・5話
ホープと望が11歳の誕生日を迎えた頃から加護(風魔法かもしれない)の力は日増しに強くなり、最初は「おはよう」や「おやすみ」といった簡単なやりとりをしていた望は、いつしかホープへ日本の勉強を教える時間へとステップアップさせていった。
「おにいちゃん。きょうはいい天気ですね。」
『おににちゃん。キョうはいいてんきです、ね。』
「いもうとの名前はのぞみです。」
『いもうの…のぞみ!』
「ちょっとみじかくしたー。」
『・・・・めぐみは・・ってない・・・。

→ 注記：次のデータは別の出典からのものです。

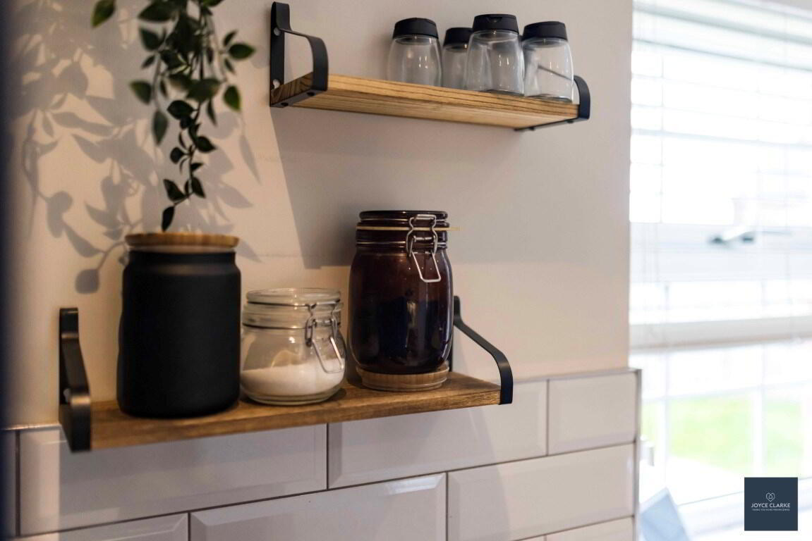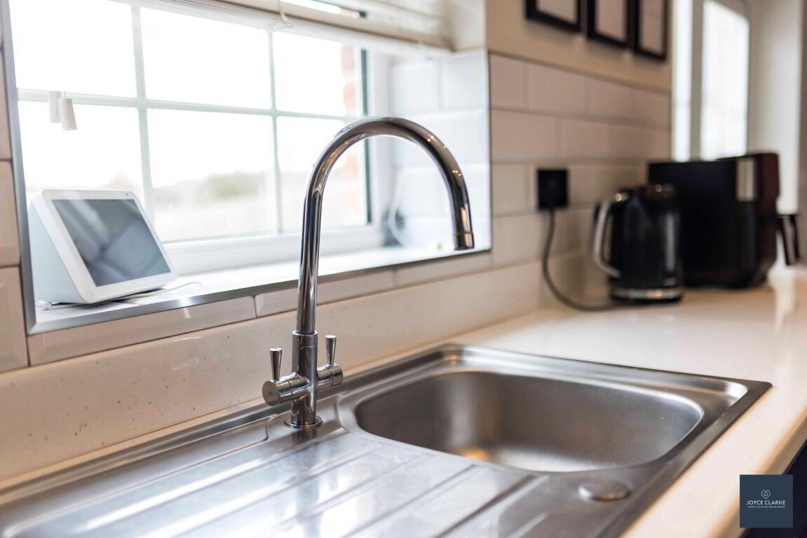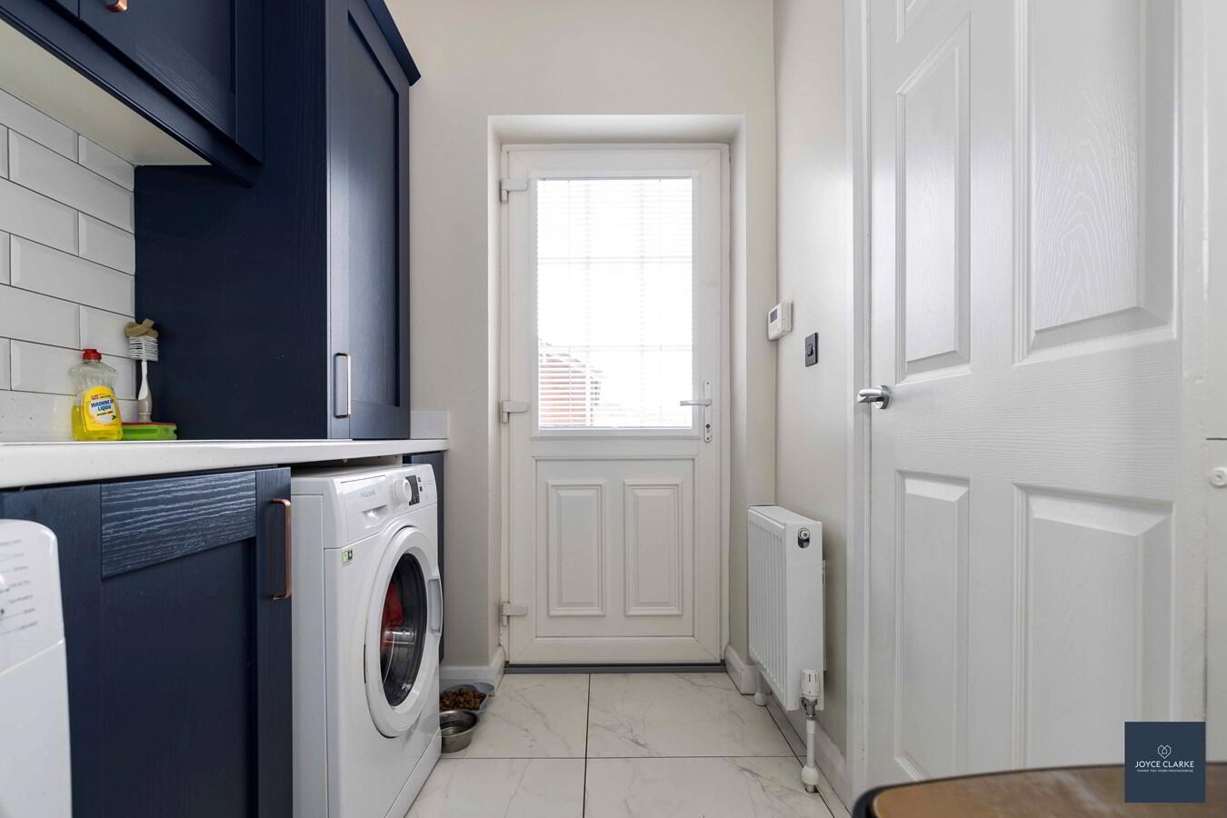High and low units. Stainless steel and drainer with mixer tap. Space for washing machine and tumble dryer. Part glazed uPVC door to rear.

』いいだろーめぐみはまちがってないんだから
「まーいっか。つぎは、隣の客はよく柿食う客だ。」
『となりのきゃっきゅは… ・・・・??』それなに??
「んーと早口言葉。あと寿限無とかいま学校で流行ってるの。」
『くちがおかしくなる!』
「でもだいぶ言葉が覚えてきたね。」
『いったろ!にーちゃんはできる子だって!』
「前に教えたかけ算九九は覚えてる?」
『・・・・、・・・・・・・。』まだです、調子乗りました。
「素直でよろしい。」
『・・・・・・・・・・・・・・、・・・・・・・・・・・・・・・・・・・・・・・・・。』日本って勉強が好きなんだなぁ、こっちは文字が書けると村一番の秀才扱いされるんだぜ。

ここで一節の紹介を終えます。